Published in final edited form as: Mol Cancer Ther. 2018 Oct 8;18(1):39–50. doi: 10.1158/1535-7163.MCT-18-0432

Figure 3.

Figure 3.

Co-immunoprecipitation (co-IP) analysis of Hsp70 and AR interaction. A. Flag-tagged Hsp70 was co-transfected with GFP-tagged AR or its deletion mutants into PC3 cells. Whole cell lysates (WCL) were prepared for co-IP using anti-GFP beads. Both WCL and immnoprecipitates were analyzed by immunoblotting using anti-Flag antibody and then anti-GFP antibody. B. C4–2 cells were transfected with expression vectors for GFP-tagged NTD, AR(1–293), and AR(294–556), along with GFP control. Co-IP were performed similarly as in A. The WCL and immnoprecipitates were analyzed by immunoblotting using anti-Hsp 70 antibody and then anti-GFP antibody.
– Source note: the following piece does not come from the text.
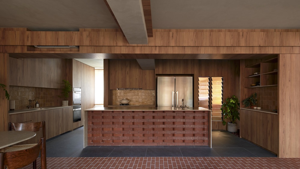 The design team began by abstracting the idea of a park within the home — a setting where plants are not only decorative additions, but rather are integral to everyday living. In reflecting on older public parks in Singapore, a distinctive, yet often overlooked element emerged: the double-bullnose brick. Traditionally used in outdoor benches, walkway edges, and planters, this brick is closely associated with the character of Singapore’s parks of the past.

C. Expression vectors for GFP-tagged Nucleotide Binding domain (NBD a.a. 1–386) and Substrate Binding Domain (SBD a.a. 386–641) of Hsp70 were transfected into C4–2 cells separately. Co-IP and immunoblotting were performed similarly as in A using anti-Flag and anti-AR antibodies. D. 22Rv1 cell lysates were prepare for co-IP using anti-Hsp70 antibody or IgG. 22Rv1 cells express full-length AR and its splice variants, including AR-V7 that lacks LBD. The WCL and immnoprecipitates were analyzed by immunoblotting using anti-AR antibody and then anti-Hsp70 antibody. All experiments were reproduced at least twice.